Pochi giorni fa è ricorso il ventennale dell’inchiesta di Mani pulite. Eppure, a sentire a sentire i leader di alcuni dei maggiori partiti politici italiani e i direttori di famosi quotidiani nazionaliri, “dire che siamo ancora nell’era di tangentopoli è una fesseria” e, in fondo in fondo, se ci guardiamo intorno, “non ci sembra di vivere in un paese di ladri e corrotti” [guarda il video "Sallusti fra le nuvole"].

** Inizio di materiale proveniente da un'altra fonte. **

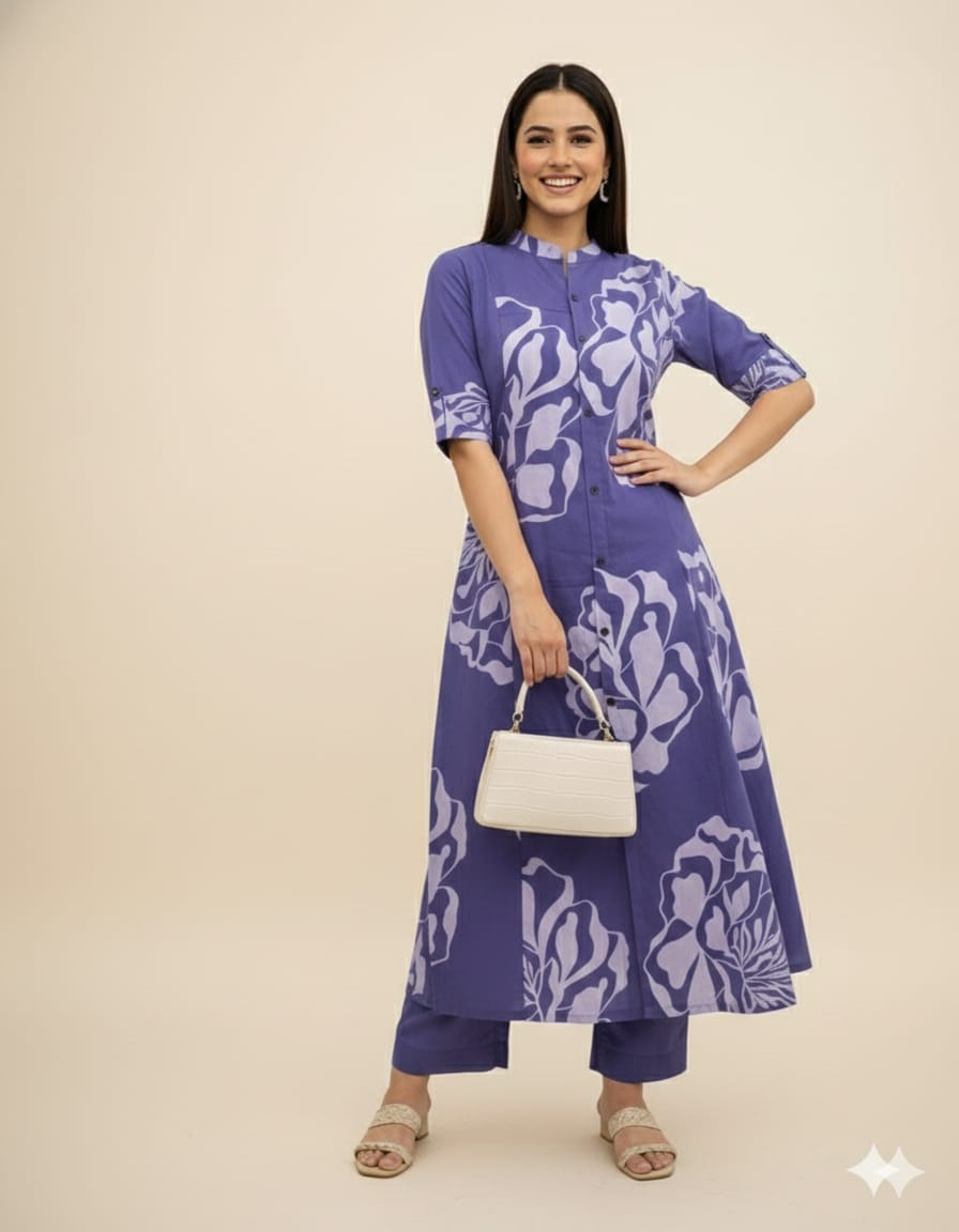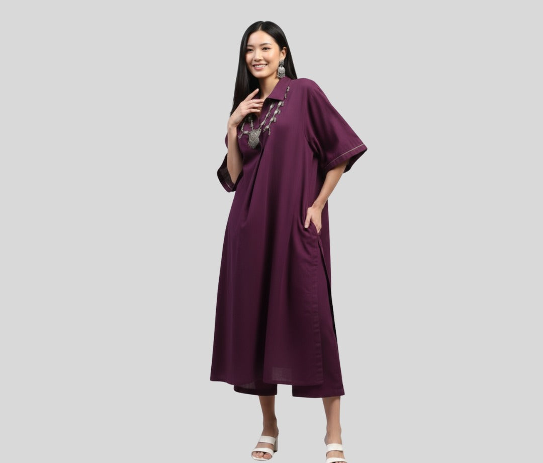 Heliotrope Stylish Co-ord Set With Collared And Brown Trimmings

Ebbene, fermo restando che ognuno vede il paese che vuole vedere, ci sono delle realtà tangibili che testimoniano quanto il mercato e gli affari dell’Italia siano inquinati. Una di queste si chiama ‘ndrangheta. Che non è più, e non lo è da almeno trent’anni, una combriccola di pastori dell’Aspromonte che mangiano ‘nduja e rapiscono qualche riccastro: la ‘ndrangheta è oggi la prima azienda del Paese e ogni anno incassa 25 miliardi di euro con il traffico di cocaina, 6 miliardi con gli appalti truccati, 7 miliardi con armi e prostituzione, 4 miliardi con estorsione e usura. La mafia calabrese che ha ormai ramificazioni in tutta Italia e anche in Canada, Spagna, Germania, Olanda, Stati Uniti, Australia, Colombia, Singapore e Svizzera muove un giro d’affari pari al 4% del nostro PIL. Quasi come il fatturato della FIAT in tutto il mondo.

Tutto questo è possibile anche perché la politica si guarda bene dal combattere la ‘ndrangheta. Eppure, a detta di Nicola Gratteri, procuratore aggiunto al Tribunale di Reggio Calabria, da anni in prima linea contro le ‘ndrine, basterebbe “riformare dieci o quindici articoli del codice penale… e a quei mafiosi gli faremmo un culo così”.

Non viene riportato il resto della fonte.